In the listing that follows, print every line exactly and leave the images out.

:::

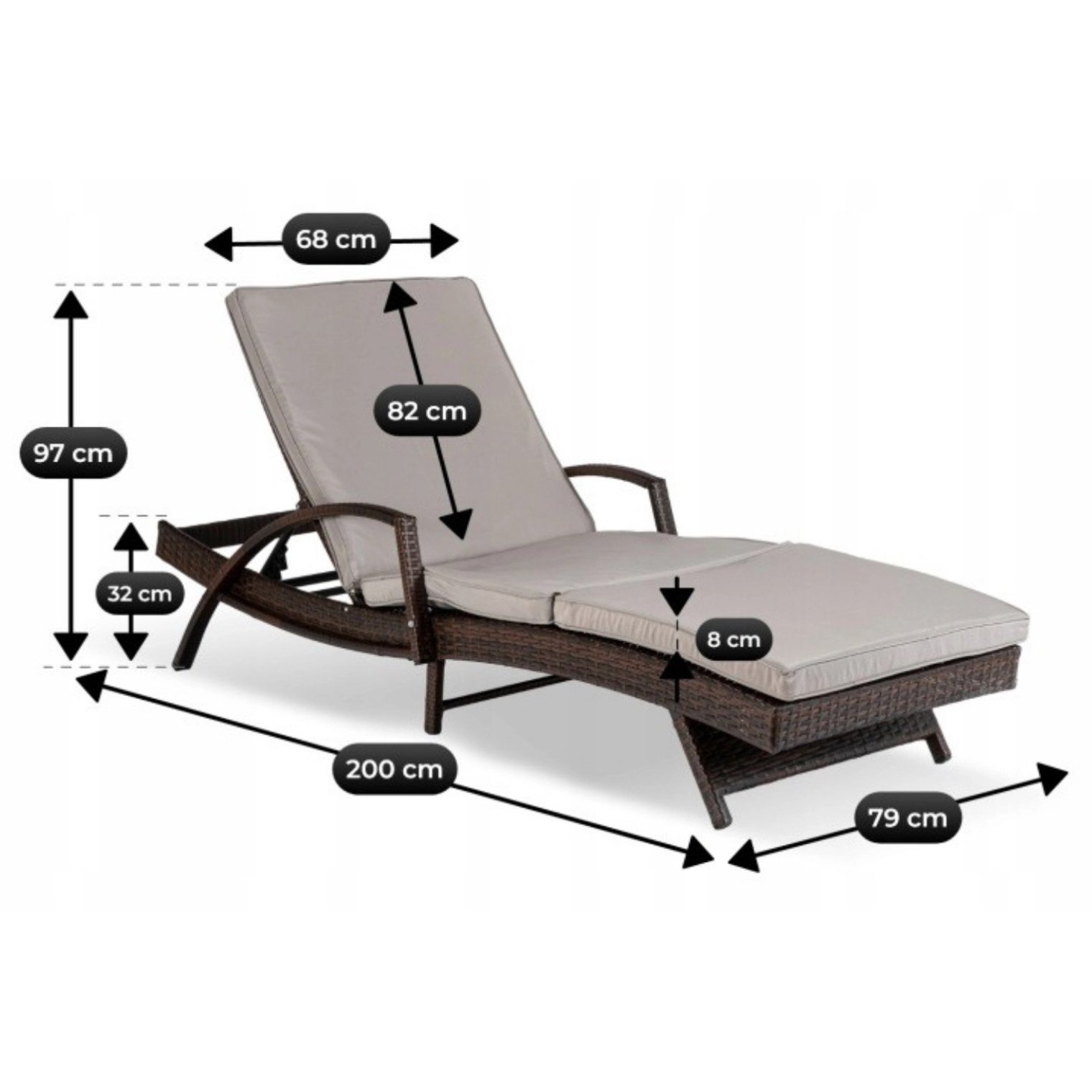 - Отделка технораттаном — подчеркивает современный вид и эстетику шезлонга;
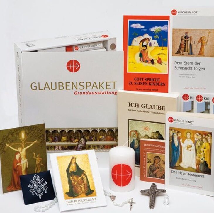 Mit dem Kauf eines Glaubenspakets schenken Sie einem bedürftigen Kind irgendwo auf der Welt eine Kinderbibel. Zwei Euro von jedem Glaubenspaket werden in eine neue Kinderbibel von KIRCHE IN NOT investiert. Dieses Buch ist oft das erste oder einzige gedruckte Werk, das eine Familie besitzt. Sämtliche Überschüsse kommen den weltweiten Projekten von KIRCHE IN NOT zu.
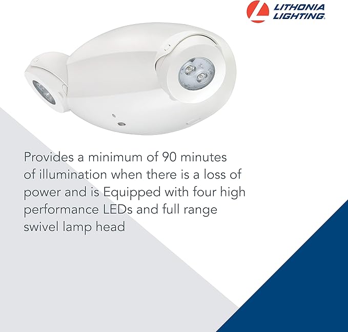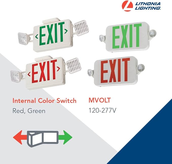 Lithonia Lighting ELM4L Quantum LED Emergency Light, Manual Testing, 640 Lumens, White & RD M6 ECRG LED Emergency Light/Exit Combo Red/Green switchable, Round Lamp Heads, White
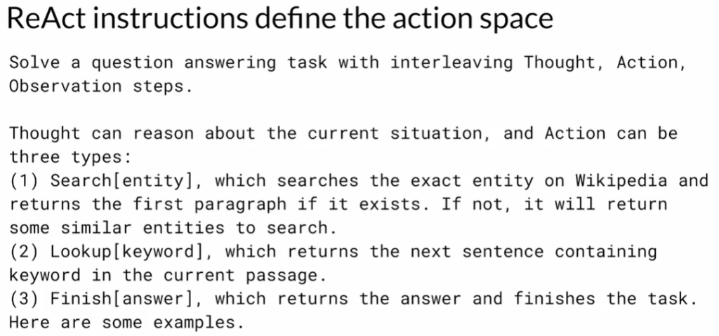 - 明确列出可用动作(search、lookup、finish)。
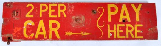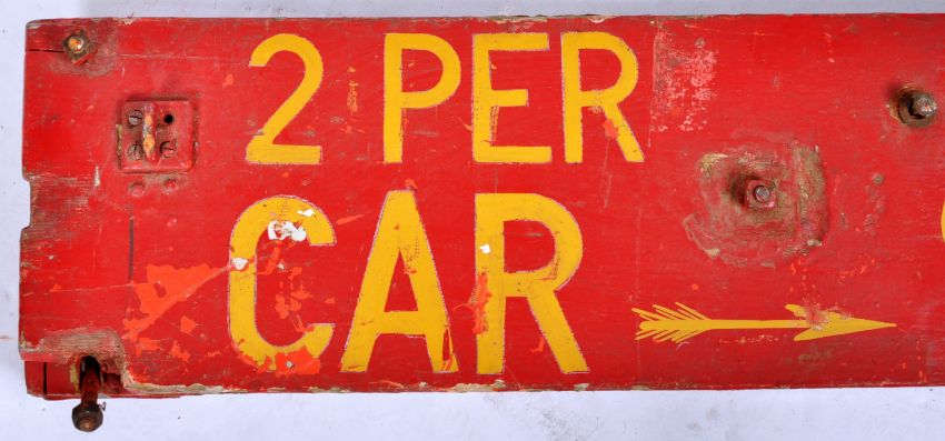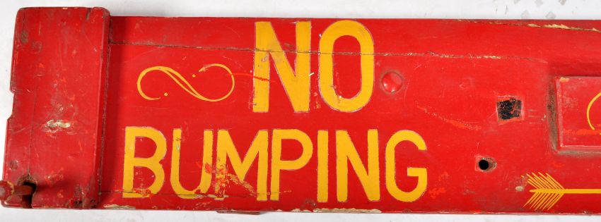 Bumper Cars - Two retro vintage mid 20th Century fairground / funfair hand painted wooden signs with each having yellow lettering on red ground. One sign reading 'No Bumping' and the other '2 Per Car - Pay Here'. Each measures approx; 21cm x 85cm.
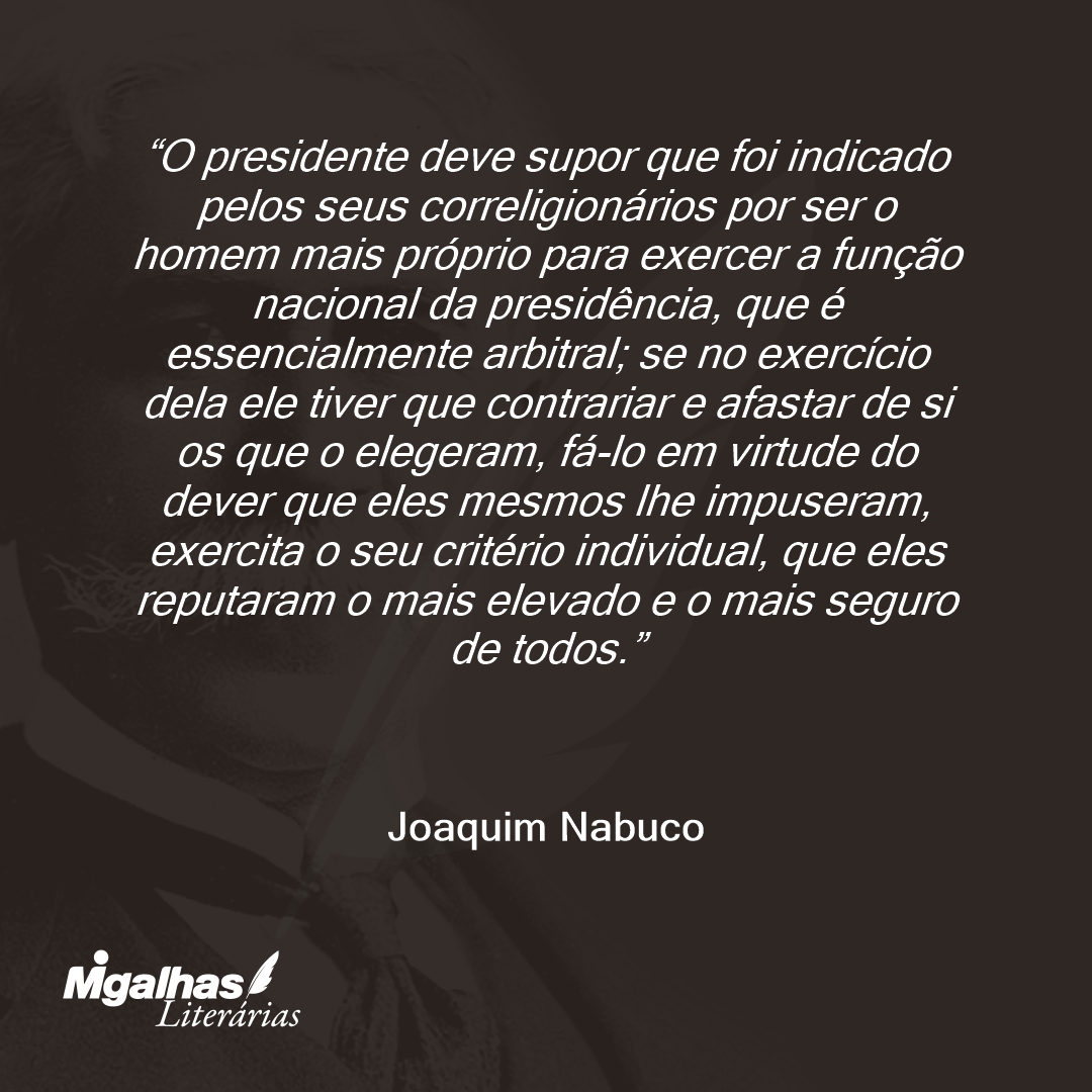 Joaquim Nabuco | Trecho retirado do livro "Balmaceda. A intervenção estrangeira durante a revolta de 1893. Obras Completas de Joaquim Nabuco II. São Paulo: Instituto Progresso Editorial S. A., 1949."
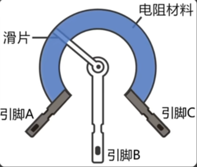 结构:有电阻材料、滑片、引脚组成,滑片可以与电阻轨道的不同位置接触,从而改变电阻值。
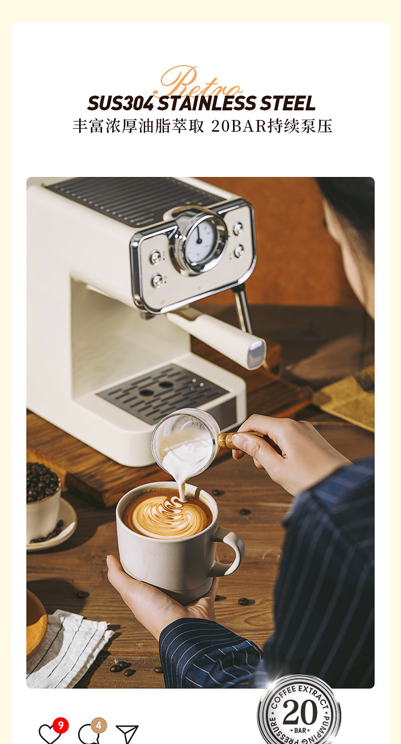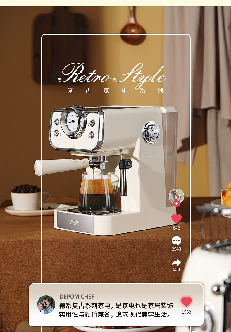 Debao Ma Retro Espresso Coffee Machine Semi-Automatic Household Small Steam Gift
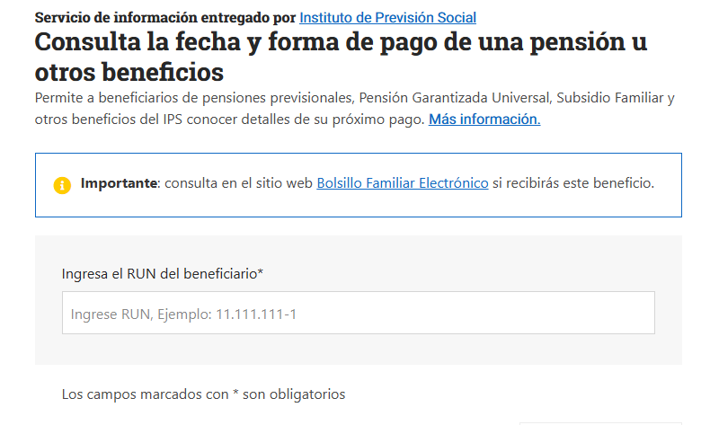 - Para realizar la consulta solo es necesario ingresar el RUN del beneficiario o beneficiaria.
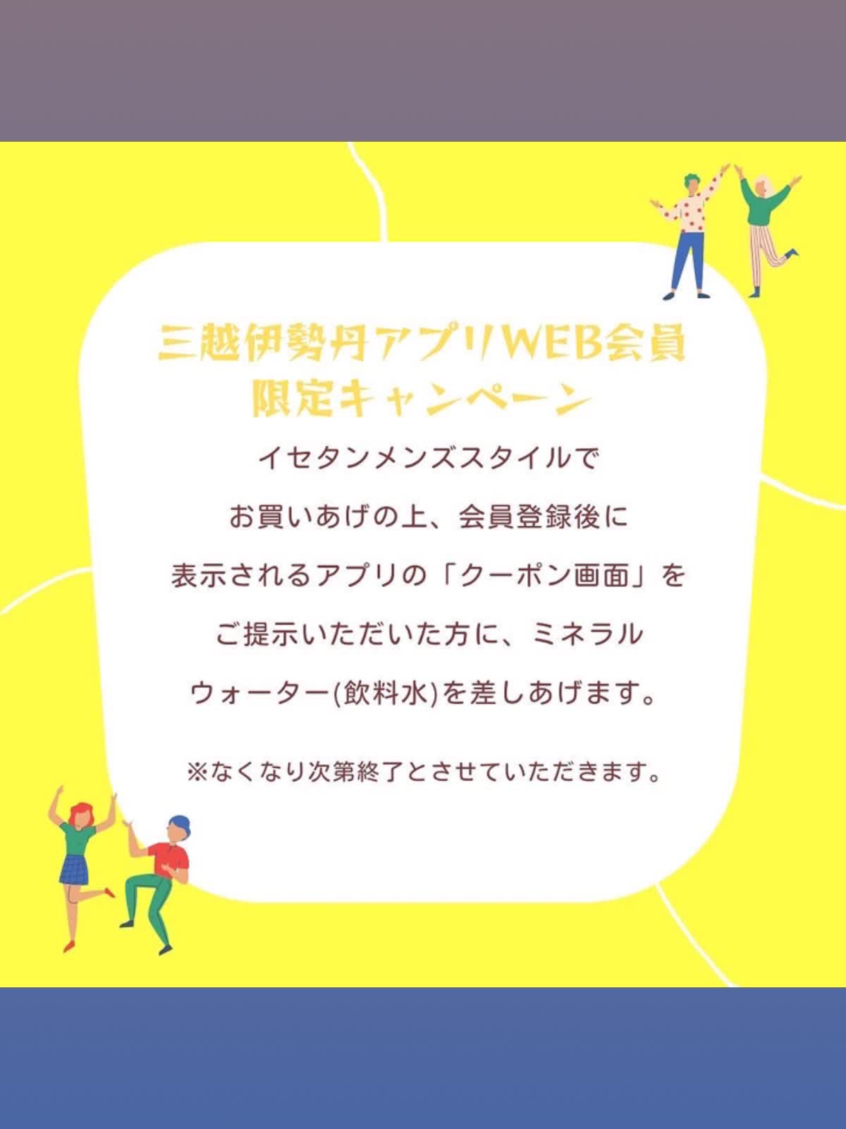 イセタンメンズスタイルでお買い上げの上、会員登録後に表示されるアプリの「クーポン画面」をご提示いただいた方に、ミネラルウォーター(飲料水)を差し上げます!

:::

**Written reply:**
 - Отделка технораттаном — подчеркивает современный вид и эстетику шезлонга;
 Mit dem Kauf eines Glaubenspakets schenken Sie einem bedürftigen Kind irgendwo auf der Welt eine Kinderbibel. Zwei Euro von jedem Glaubenspaket werden in eine neue Kinderbibel von KIRCHE IN NOT investiert. Dieses Buch ist oft das erste oder einzige gedruckte Werk, das eine Familie besitzt. Sämtliche Überschüsse kommen den weltweiten Projekten von KIRCHE IN NOT zu.
 Lithonia Lighting ELM4L Quantum LED Emergency Light, Manual Testing, 640 Lumens, White & RD M6 ECRG LED Emergency Light/Exit Combo Red/Green switchable, Round Lamp Heads, White
 - 明确列出可用动作(search、lookup、finish)。
 Bumper Cars - Two retro vintage mid 20th Century fairground / funfair hand painted wooden signs with each having yellow lettering on red ground. One sign reading 'No Bumping' and the other '2 Per Car - Pay Here'. Each measures approx; 21cm x 85cm.
 Joaquim Nabuco | Trecho retirado do livro "Balmaceda. A intervenção estrangeira durante a revolta de 1893. Obras Completas de Joaquim Nabuco II. São Paulo: Instituto Progresso Editorial S. A., 1949."
 结构:有电阻材料、滑片、引脚组成,滑片可以与电阻轨道的不同位置接触,从而改变电阻值。
 Debao Ma Retro Espresso Coffee Machine Semi-Automatic Household Small Steam Gift
 - Para realizar la consulta solo es necesario ingresar el RUN del beneficiario o beneficiaria.
 イセタンメンズスタイルでお買い上げの上、会員登録後に表示されるアプリの「クーポン画面」をご提示いただいた方に、ミネラルウォーター(飲料水)を差し上げます!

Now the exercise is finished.